Rebeca nyatakan ia mau deposito uangnya digabung jadi 3 milyar  jika bunga deposito naik. Dan berdasarkan informasi bahwa bunga naik menjadi 25 juta dari Angel, sebulan itu maka ia setuju menggabungkan dana dari kedua jenis simpanan tersebut dan rencana ini aku Rebeca ia selalu komunikasi dengan Angel dan JT sejak awal.

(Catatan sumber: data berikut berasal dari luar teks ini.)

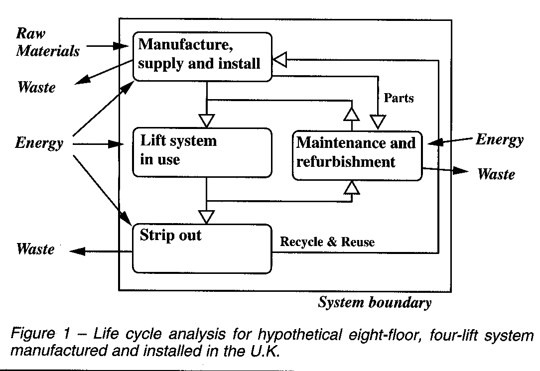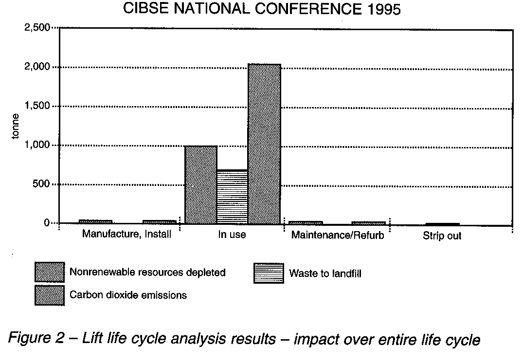 The lift cycle analysis of a typical lift system was considered in ‘Green Lifts?’(1). The hypothetical lift system presented in Figure 1 was analysed, giving the results summarised in Figure 2. The dominant environmental burdens of this lift system are the depleted non-renewable resources, the created waste and the emissions generated through the production of electricity or lift operation. This will be typical for the vast majority of lift systems.

Dan sebelum proses penggabungan terjadi Rebeca akui sempat mengambil uang Rp10 juta.  Karena ia adalah nasabah prioritas, maka dirinya di layani di rumah untuk semua transaksi perbankkan. Termasuk proses penarikan uang Rp10 juta, ia dilayani di rumah oleh JT selaku teler dengan membawa uang 10 juta dan slip pengambilan untuk ditandatangani olehnya. Anehnya JT tidak melakukan penjelasan sebelum tanda tangan slip tersebut seperti biasa dilakukan staf sebelumnya, Sari. JT, menurut pengakuan Rebeca,  hanya membungkukan badan didepan meja, tidak duduk  menjelaskan apapun. Ia hanya menaruh dua lembaran kertas (yang diyakini Rebeca sebagai slip penarikan uang 10 juta) lantaran hanya melihat tulisan Bukopin di bagian atas., dan percaya, langsung menandatangani saja karena yakin staf atau petugas bank ini bekerja sudah sesuai prosedur biasanya. Saat itu, aku Rebeca, JT bahkan membawa bilyet deposito dan buku tabungan miliknya dan pergi ke bank memproses administrasi penarikan 10 juta.

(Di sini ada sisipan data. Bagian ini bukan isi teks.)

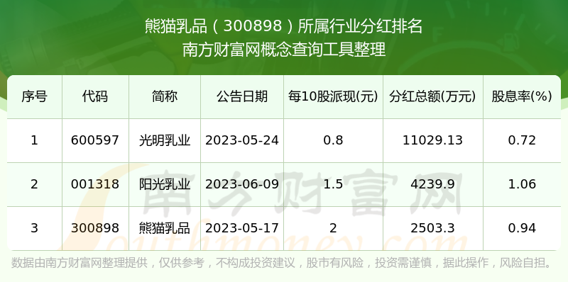 二、熊貓乳品300898行業(yè)分紅排名

Yang anehnya sampai beberapa hari bilyet belum dikembalikan oleh JT walau sudah ditelepon terua oleh Rebeca ke teler Angel dan JT namun selalu dijawab akan diantar. Menurut Rebeca biasanya langsung dibawa oleh teler usai diproses di bank semua transaksi perbankkan nasabah prioritas. Bahkan sudah ditelepon berulang kali ke Angel dan JT kapan membawa kembali bilyet deposito, namu di jawab nanti diantar.

Akhirnya tanggal 22 Desember saat hampir mendekati tanggal jatuh tempo deposito, JT toba-tiba muncul  ke rumah Rebeca  mengantarkan parcel,  dan ketika ditanya mana bilyetnya dijawab JT dia sementara di luar bank nanti baru diantar setelah kembali ke bank.

Tanggal 27 Desember, datanglah JT dan seseorang perempuan bernama Aci Ely, yang sebelumnya tidak dikenal Rebeca. Bahkan ia mengira Aci Ely adalah staf Bukopin. Dan saat itulah Aci menjelaskan bahwa uangnya di Deposito Rp3 M sudah pindah ke PT Mahkota. Jadi ini pertama kalinya ia tahu uangnya sudah pindah ke PT Mahkota. Tentu Rebeca dan keluarga sangat kaget dan marah bahkan sampai mengusir Aci Ely karena merasa tidak mengenal dan tidak ada urusan dengan PT Mahkota.

Ketika Rebeca ingin ke Bank Bukopin untuk minta kejelasan dimana uangnya, JT dan Aci Ely menahan dan membujuk dirinya untuk jangan ke Bank dan bersabar karena mereka akan berusaha mengembalikan uangnya tersebut. Bahkan keduanya menyatakan akan ada nasabah mau mendeposit atau investasikan uang Rp500 juta di Mahkota,  yang hisa dipakai untuk ditransfer ke rekening Rebeca. Dan Rebeca beri waktu 3 hari sampai 30 Desember. Namun tidak muncul juga uang tersebut.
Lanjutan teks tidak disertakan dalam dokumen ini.